### DIRECTIONS
Starting at the first line of the data, print every line up to and including the one with "更绝的是慈禧那张 , 视角像趴房梁上拍的", but no pictures.

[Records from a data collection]
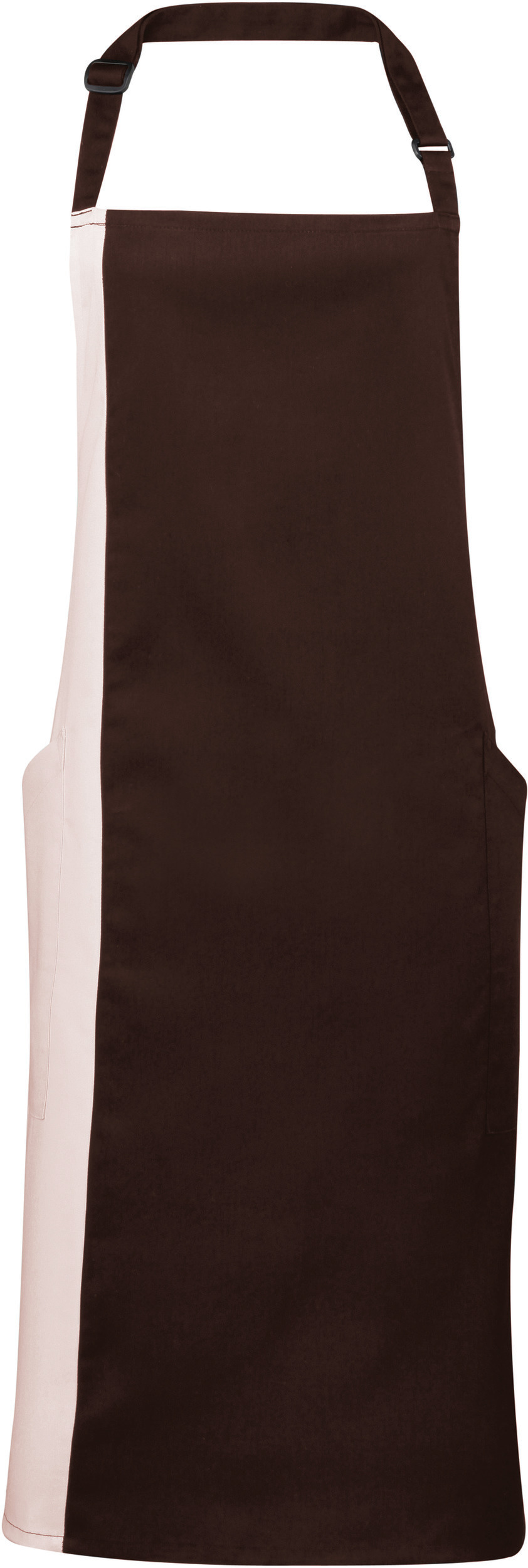 65 % polyester/35 % bomullstwill. Tofarget forkle. 2 stk 90 cm lange slips laget av samme materiale. Lengde: 86 cm. Bredde: 72 cm. Justerbar spenne To sidelommer foran med skrå åpning. Utskriftsområde på størrelse med en A4-side vertikalt i midten av plagget. Industrivask på 85°C. Husvask på 60°C. Twill-stoff: tilpasningsdyktig, motstandsdyktig og lettstelt. 2 praktiske sidelommer på den ene siden. Justerbar snøring i nakken.
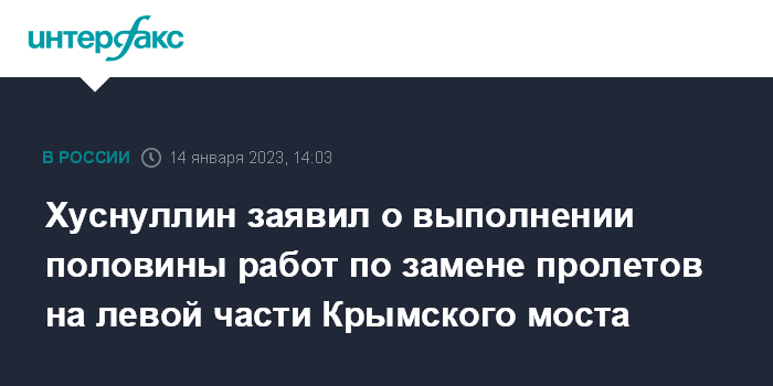 Москва. 14 января. INTERFAX.RU - Практически половина всех работ по надвижке новых пролетов левой стороны автомобильной части Крымского моста выполнена, сообщил в субботу вице-премьер РФ Марат Хуснуллин.
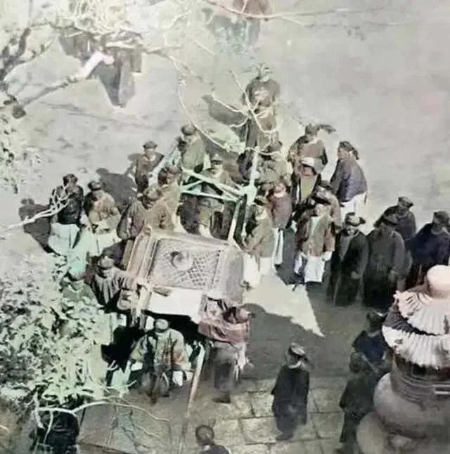 更绝的是慈禧那张 , 视角像趴房梁上拍的 , 老佛爷发现了也没发火 , 反而挥着手绢打招呼 , 排场大得吓人 , 一看就是她的出行队伍。
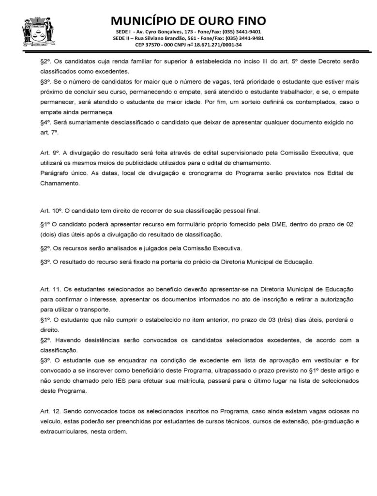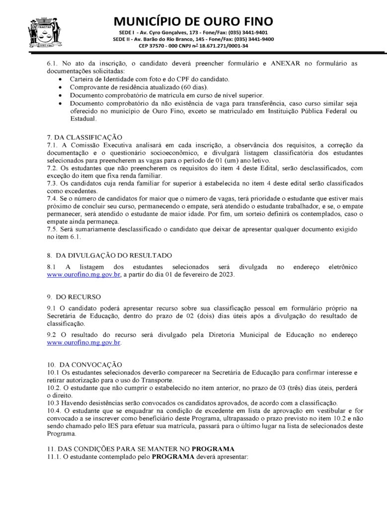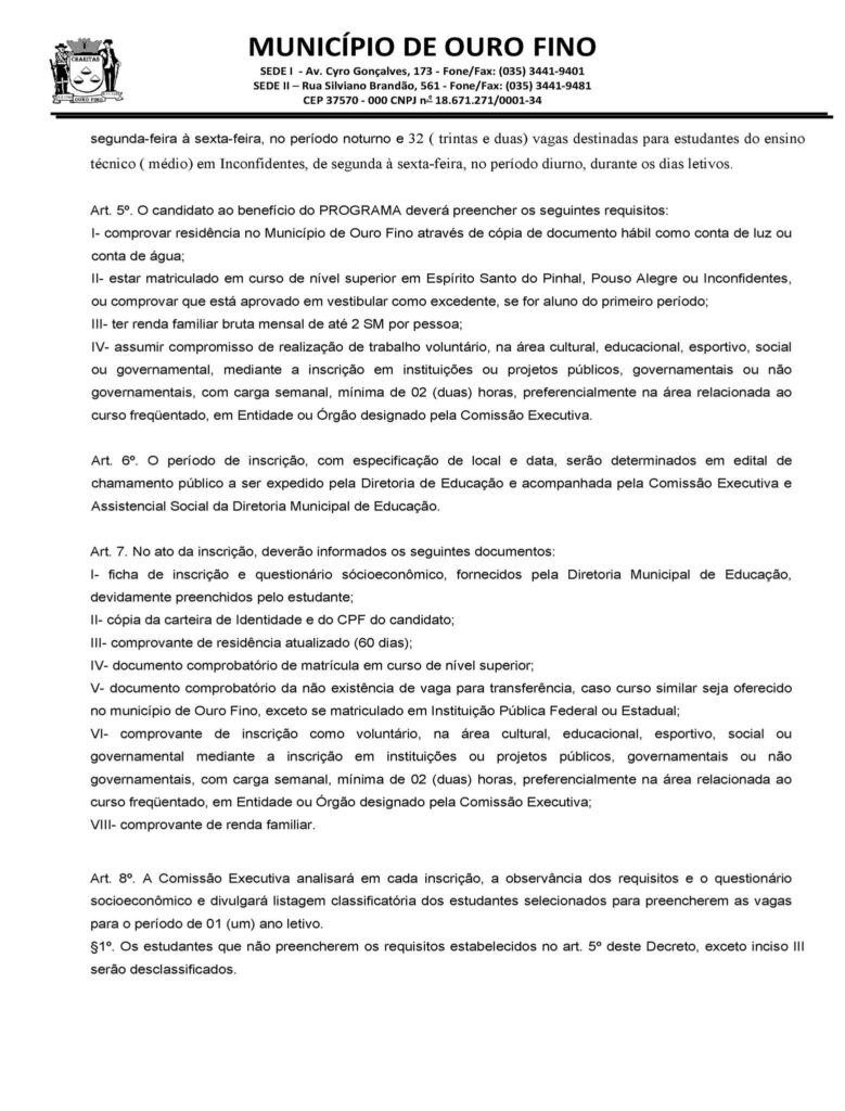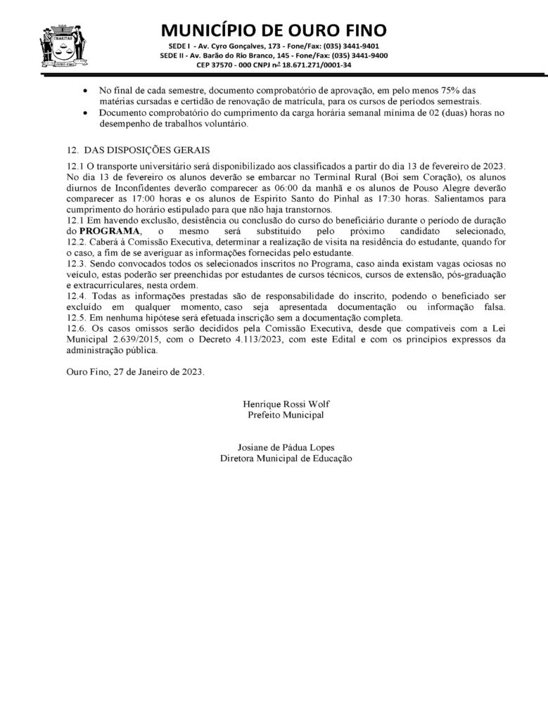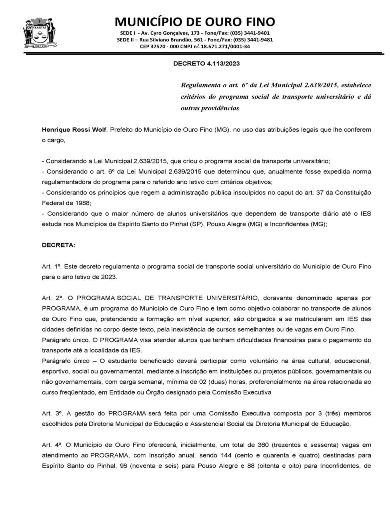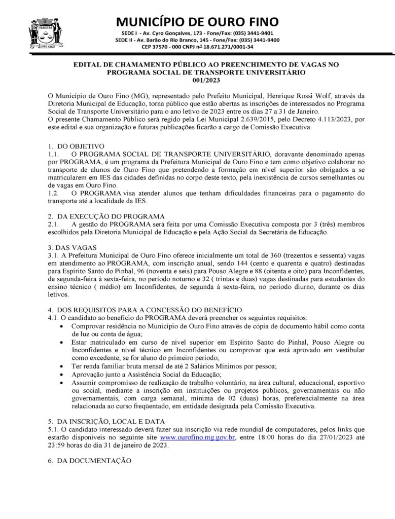 PREFEITURA DE OURO FINO ABRE INSCRIÇÕES PARA PROGRAMA SOCIAL DE TRANSPORTE UNIVERSITÁRIO GRATUITO.
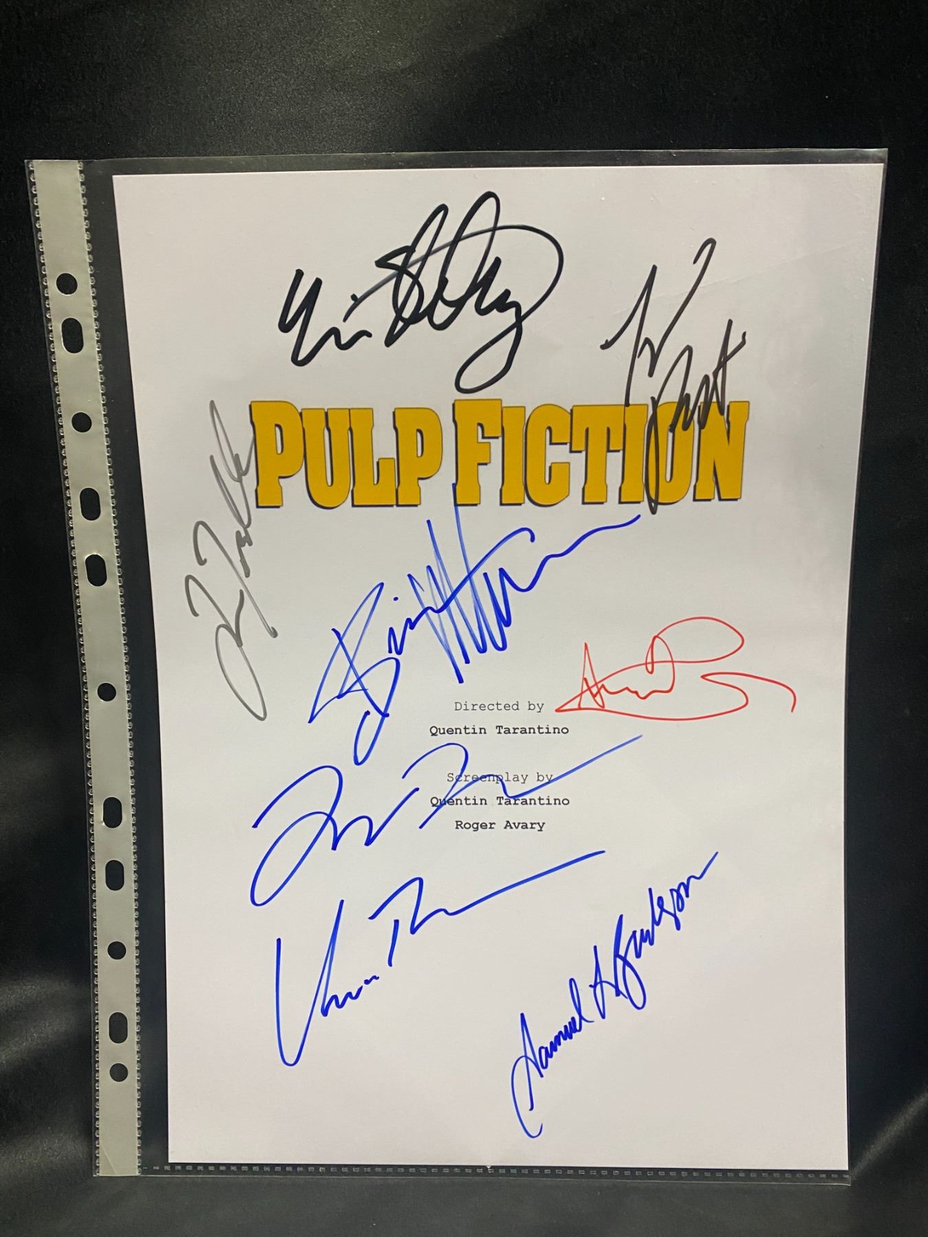 PULP FICTION SIGNED SCRIPT COVER WITH COA AUTOGRAPHS INCLUDE: UMA THURMAN, JOHN TRAVOLTA, SAMUEL L JACKSON, TIM ROTH, AMANDA PLUMMER, ERIC STOLTZ, BRUCE WILLIS, QUENTIN TARANTINO
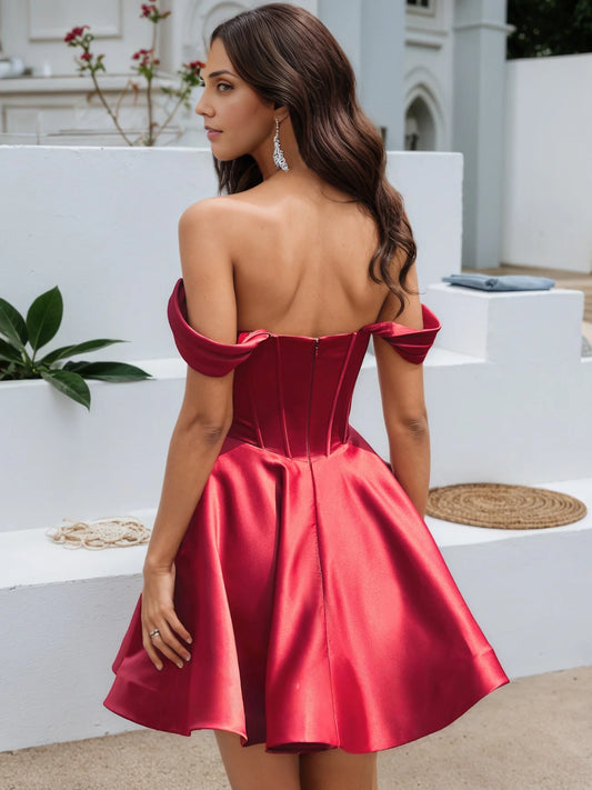 OKBBN Elegant Off Shoulder Highlighting Neck and Shoulder Lines, Shrinking Waist Mini Homecoming Dresses
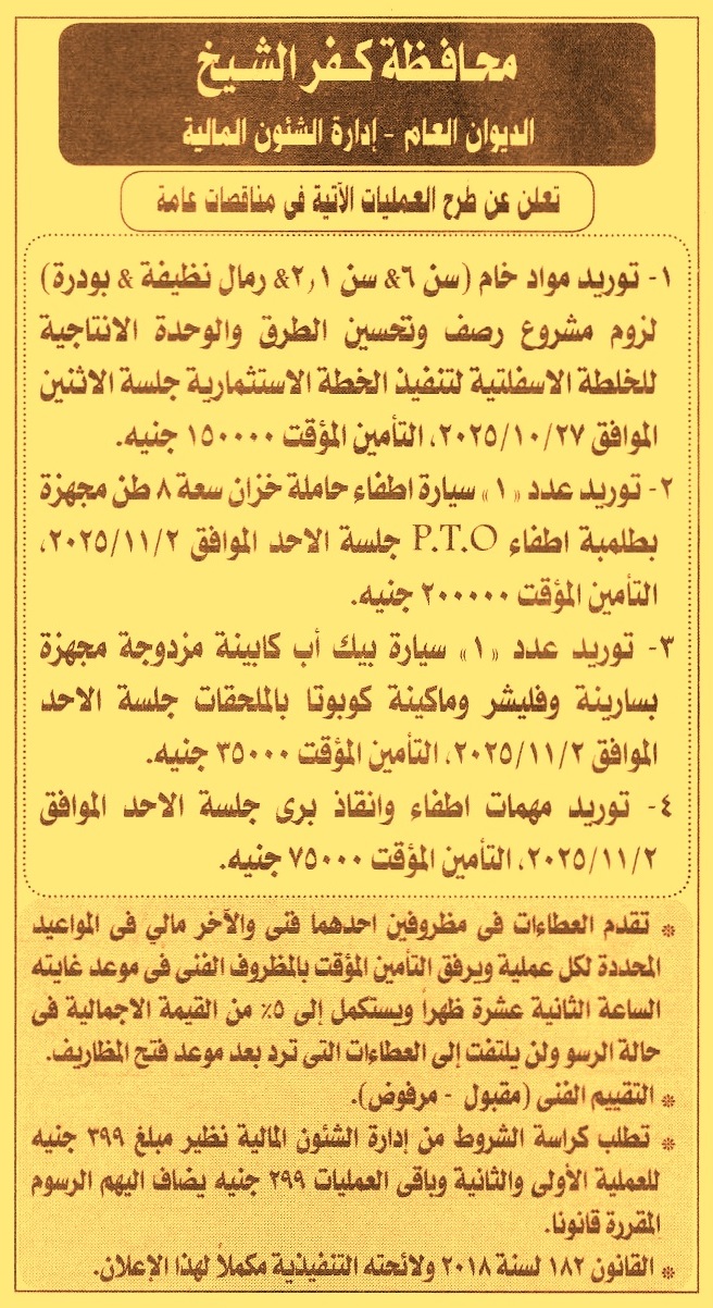 HOT Information مناقصة عامة لعملية توريد مواد خام “سن 6, سن 1 و2, رمال نظيفة, بودرة” لزوم مشروع رصف وتحسين الطرق والوحدة الإنتاجية للخلطة الأسفلتية لتنفيذ الخطة الاستثمارية عن جريدة الأخبار Post navigation شركة السكر والصناعات التكاملية المصرية نادي حلوان الرياضي
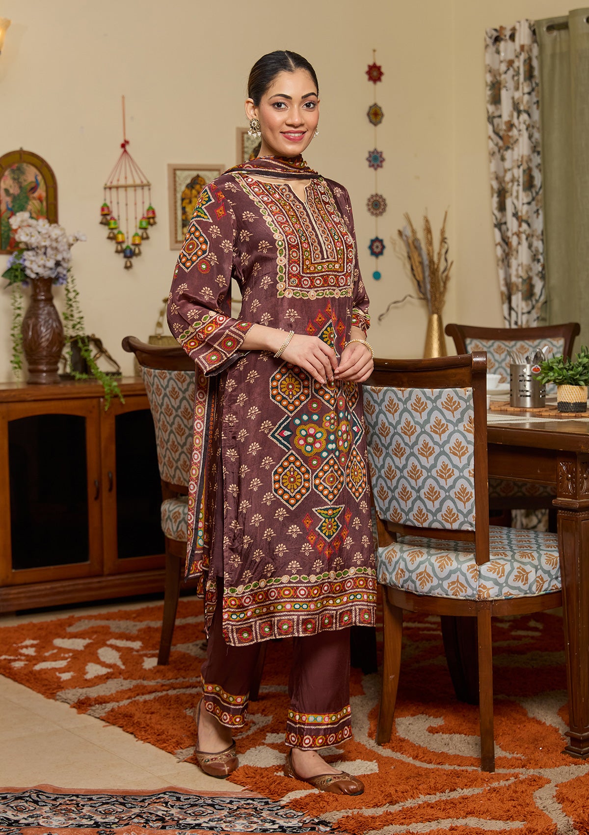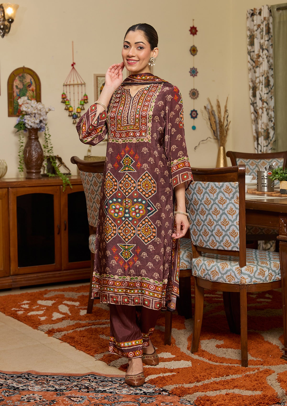 Brown Salwar Suit in Crepe fabric. The Salwar Suit is embellished with Mirrorwork embroidery. Accompanied with a bottom and dupatta. Comes with the Koskii promise of premium quality.
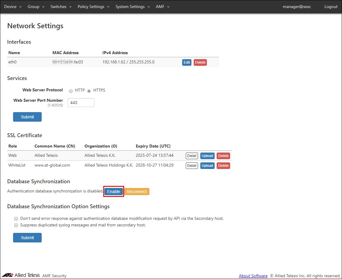 - Display the System Settings > Network Settings page with AMF Security used on the secondary. Click the "Enable" button of the Database Synchronization item.
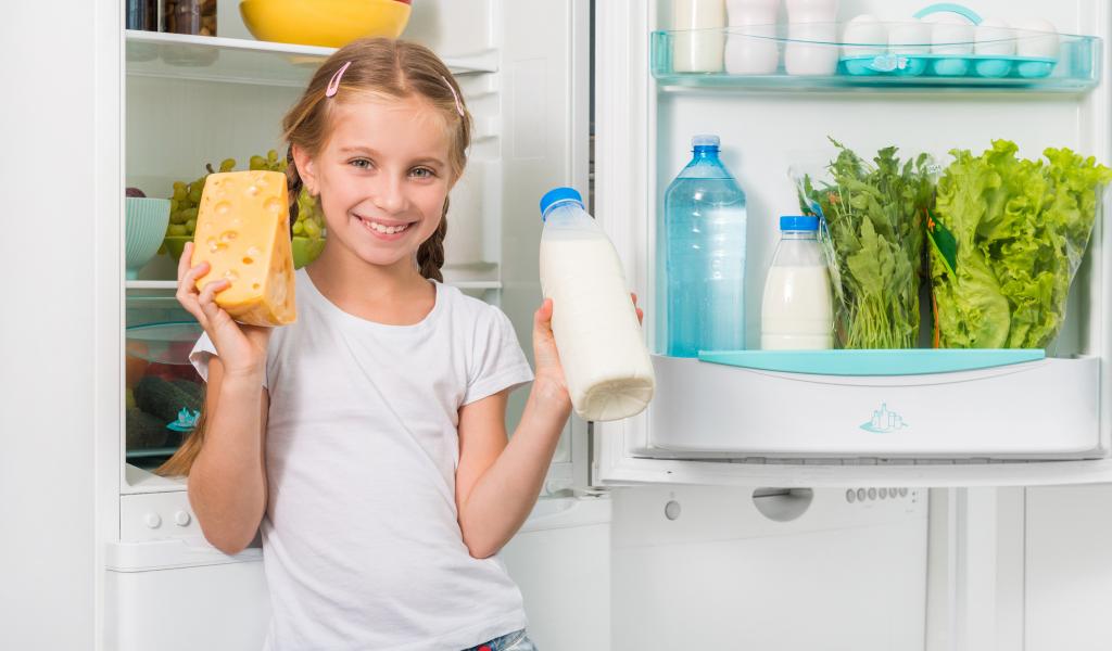 Wallpaper Smiling girl at the fridge with cheese and milk

### SOLUTION
 65 % polyester/35 % bomullstwill. Tofarget forkle. 2 stk 90 cm lange slips laget av samme materiale. Lengde: 86 cm. Bredde: 72 cm. Justerbar spenne To sidelommer foran med skrå åpning. Utskriftsområde på størrelse med en A4-side vertikalt i midten av plagget. Industrivask på 85°C. Husvask på 60°C. Twill-stoff: tilpasningsdyktig, motstandsdyktig og lettstelt. 2 praktiske sidelommer på den ene siden. Justerbar snøring i nakken.
 Москва. 14 января. INTERFAX.RU - Практически половина всех работ по надвижке новых пролетов левой стороны автомобильной части Крымского моста выполнена, сообщил в субботу вице-премьер РФ Марат Хуснуллин.
 更绝的是慈禧那张 , 视角像趴房梁上拍的 , 老佛爷发现了也没发火 , 反而挥着手绢打招呼 , 排场大得吓人 , 一看就是她的出行队伍。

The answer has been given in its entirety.